On 26/10/11 23:30, Tim Starling wrote:
On 27/10/11 00:13, Neil Harris wrote:
Automatically expiring that temporary password after say, 10 failed reactivation attempts, would reduce the probability of successfully guessing that particular password to around 3 x 10^-12 -- probably safe enough for wiki purposes.
The problem with this approach is that it introduces a DoS vulnerability.

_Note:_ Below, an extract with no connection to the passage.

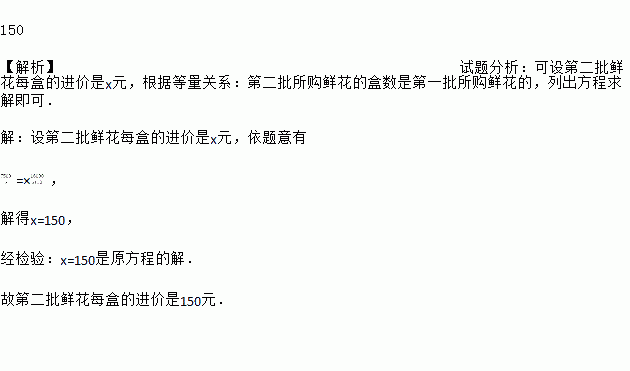 ,且每盒鲜花的进价比第一批的进价少10元.问第二批鲜花每盒的进价是多少元?

Unless the username is secret as well as the password, a limit on the number of "guesses" makes it easy to prevent someone from resetting their password, by flooding the system with fake guesses for the target username.
I was working on the assumption that the attackers were unlikely to know that any particular given user is attempting to reactivate their account, so they would have to spam their DDoS across the whole range of valid usernames.

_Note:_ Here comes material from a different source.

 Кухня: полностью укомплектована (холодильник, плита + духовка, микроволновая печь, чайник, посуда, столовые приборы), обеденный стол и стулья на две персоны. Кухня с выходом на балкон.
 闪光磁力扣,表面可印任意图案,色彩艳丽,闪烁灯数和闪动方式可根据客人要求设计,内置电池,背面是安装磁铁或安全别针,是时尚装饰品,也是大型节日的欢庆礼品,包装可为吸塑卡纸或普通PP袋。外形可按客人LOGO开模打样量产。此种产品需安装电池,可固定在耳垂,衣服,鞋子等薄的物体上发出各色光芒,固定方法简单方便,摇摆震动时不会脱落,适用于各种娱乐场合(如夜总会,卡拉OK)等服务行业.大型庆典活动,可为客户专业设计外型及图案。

If an outsider knows that one particular account is trying to be reactivated, you are of course completely right, and the above wouldn't work.
Rate limiting per IP does not suffer from this problem, which is why we use it. Fixing rate limiting so that it doesn't require memcached and is enabled by default would be useful.

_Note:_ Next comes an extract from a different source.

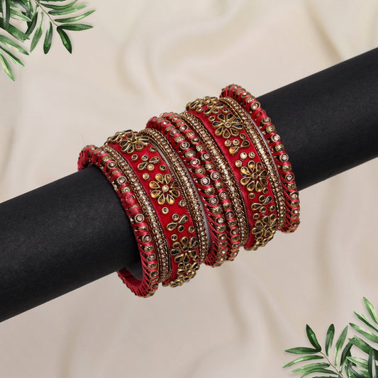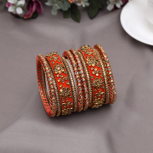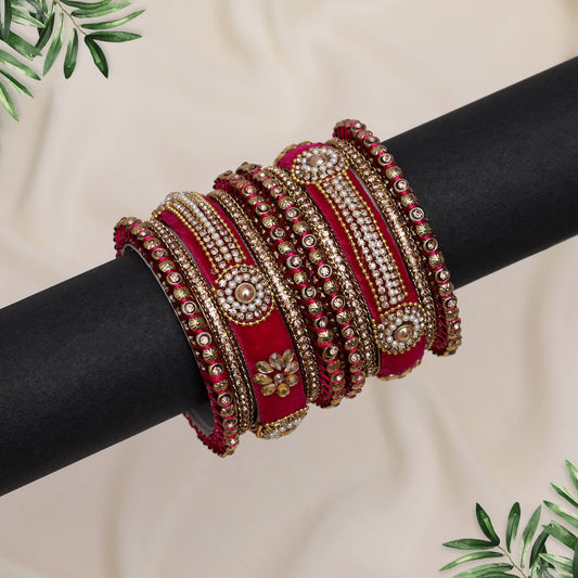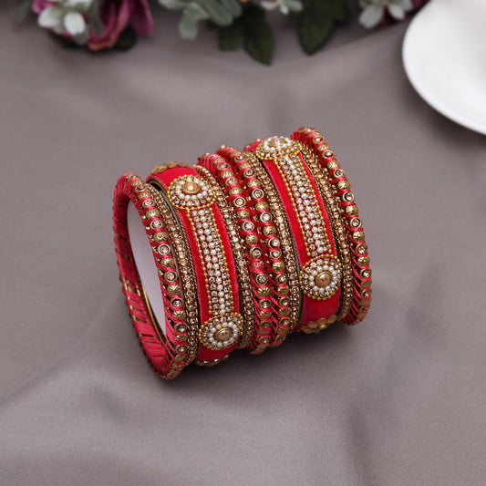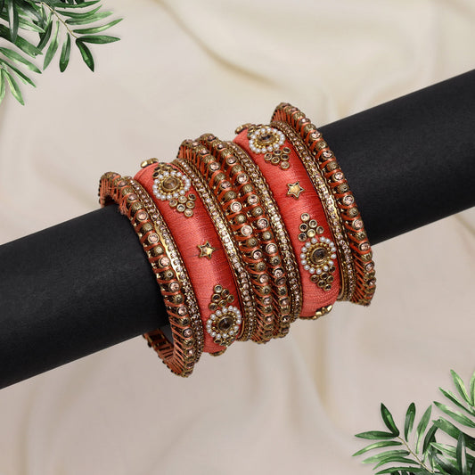Dark Peach Color Velvet Thread Bangle Set: 2.8

As others in this thread have noted, 40 bits of entropy is plenty for this particular application. Guessing of user-supplied passwords is a much more significant threat, and one that is not properly addressed in a default MediaWiki installation.
-- Tim Starling
As was said by another commenter, the ultimate solution for this is sending a one-time reactivation link in the body of the email, with a sufficiently long randomly-generated cryptographic token (eg 40 hex digits) embedded in it that entropy issues are no longer relevant, and typeability is also irrelevant, because the user either clicks on the link in their mail client, or cuts and pastes it into their browser.